My nerves hit full force as we headed to the parking garage. I fell into step behind him as he walked toward his car. Now his car . . . his car I could appreciate without getting his weird look. It had been hard for me to get a good look at it last night in the dark, and he parked on a special level reserved for management. As we got closer, I could see why.

“Oh my God. Is that the 2017 Cabriolet?” I asked, my voice filled with awe.

Jackson glanced at me, his lips twisted in a little smile and a question in his eyes. “You know it?”

“Mercedes stopped making the Cabriolet in 1971,” I said. “Is this the AMG S63?”

“Yep.” He reached for the handle and the door automatically unlocked.

I stood on the passenger side, staring at the most beautiful car I’d ever seen. “Wow,” I breathed.

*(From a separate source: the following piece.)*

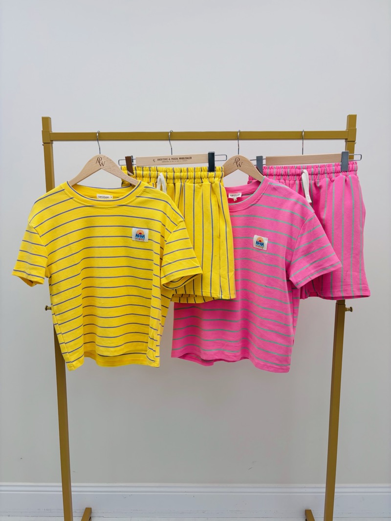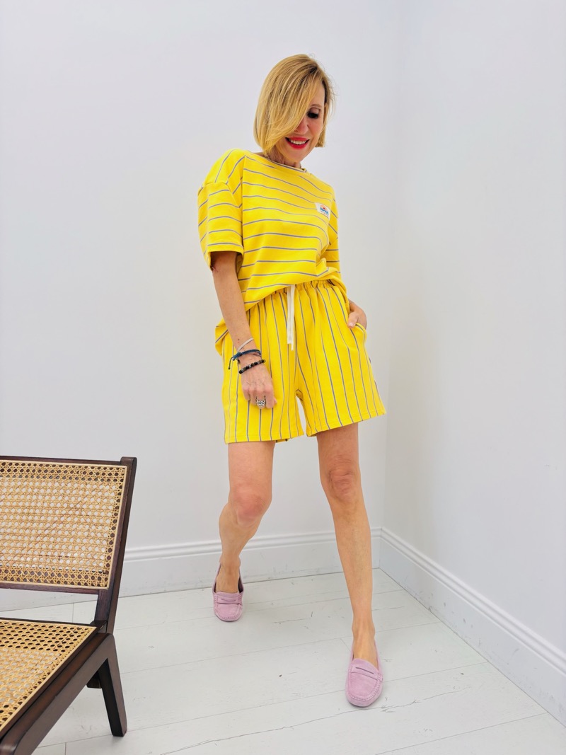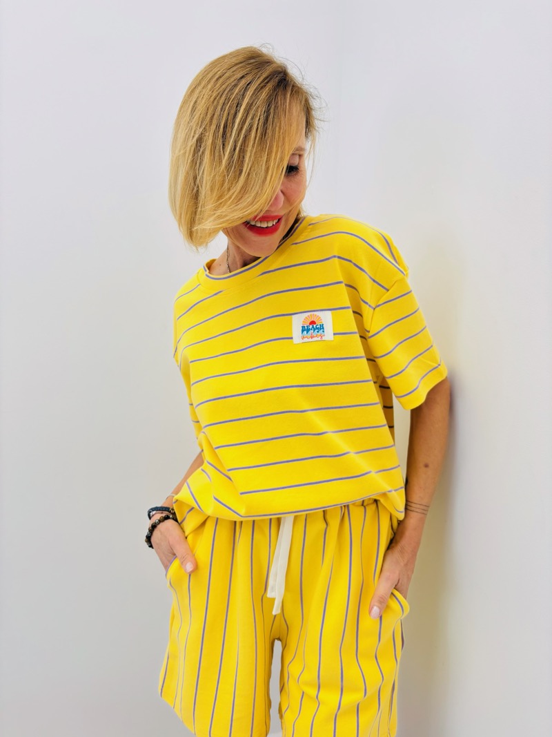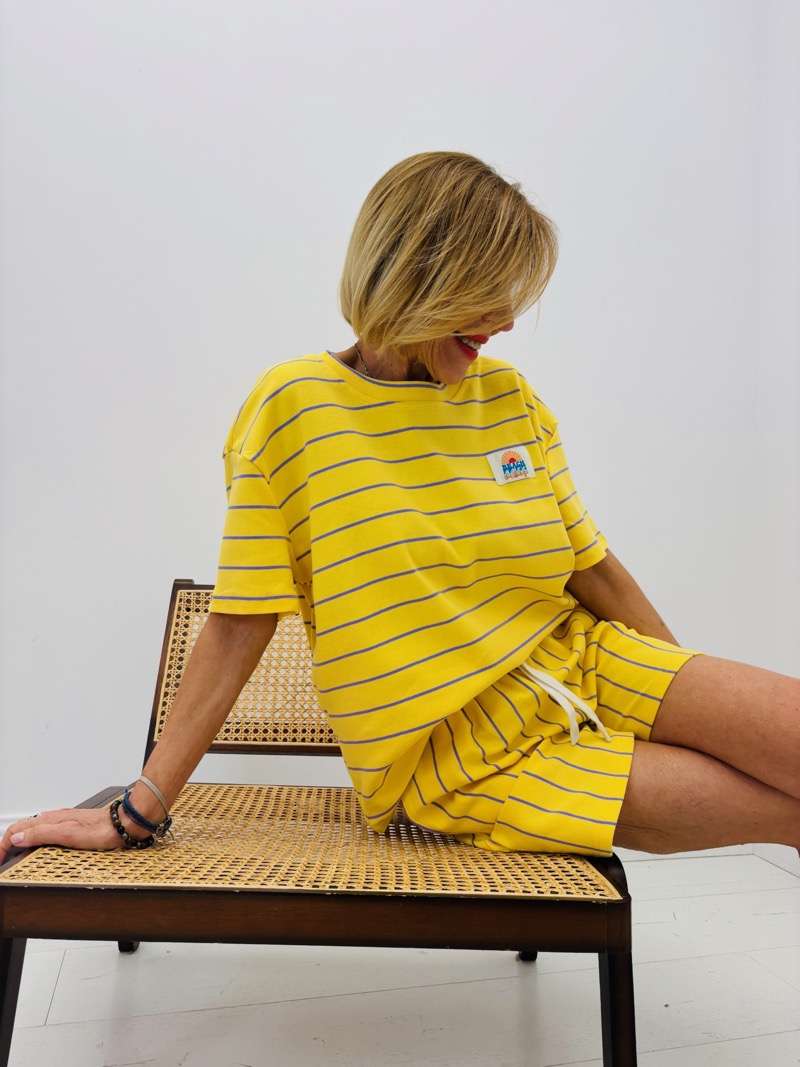 Découvrez cet ensemble rayé, parfait pour un style décontracté mais chic. Composé d’un t-shirt et d’un short, il est idéal pour les journées estivales.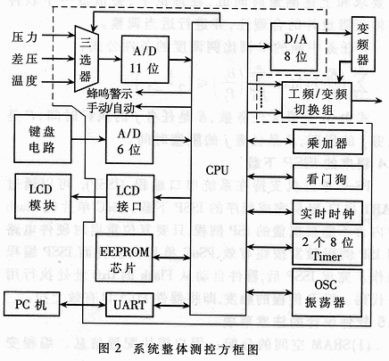 (5)使用乘加器加速CPU速度;使用看门狗保证程序正常运行;使用实时时钟记录流量或故障统计的时刻;使用定时器产生所需工/变频切换时间和流量累计时间;使用OSC振荡器产生系统时钟等。

I heard a slight chuckle as Jackson got in.

Sliding inside the car was as close to a religious experience as I’d ever had. The interior was brick red with leather seats and black trim. Jackson flipped a switch and the soft top folded back on the convertible. The purr of the engine made my eyes drift close.

“This car can do zero to sixty in three point nine seconds,” I said. “It has five hundred seventy-seven horsepower and a peak torque of six hundred sixty-four pounds per foot.”

The car didn’t move and Jackson didn’t say anything, so after a moment, I opened my eyes to find him looking at me.

Oh no. Had I said something wrong?
I went over my last few sentences in my head, but could find nothing offensive about them. And he was still staring. I pushed my glasses up my nose and cleared my throat.

“Really amazing that you got your hands on one early,” I said, pulling my lips back in my best smile imitation. I wished I was one of those people who could pull off a genuine smile on demand, but experience had shown I just sucked at it. But societal convention meant I had to try. A lot.

Jackson visibly winced. “Why do you do that?” he asked.

My fake smile disappeared. “Do what?”

He backed out of the spot, talking as he drove. “Use that awful fake smile.”

“People expect smiles. It makes them feel more comfortable.” My mother had drilled that into me before her death.

“Screw what people expect. Their expectations aren’t your responsibility to fulfill.”

I blinked at him. That had always been what I thought, but had never dared to speak aloud.

“And you certainly don’t have to fake it with me,” he continued. “I value honesty more than worrying about expectations.”

He slipped on a pair of designer sunglasses that, combined with being behind the wheel of such an amazing car, made him look incredibly sexy. Mia would probably say he was
smoking hot
. As if Jackson needed help in that department. Unfortunately, I felt like the frumpy little sister in the passenger seat next to him.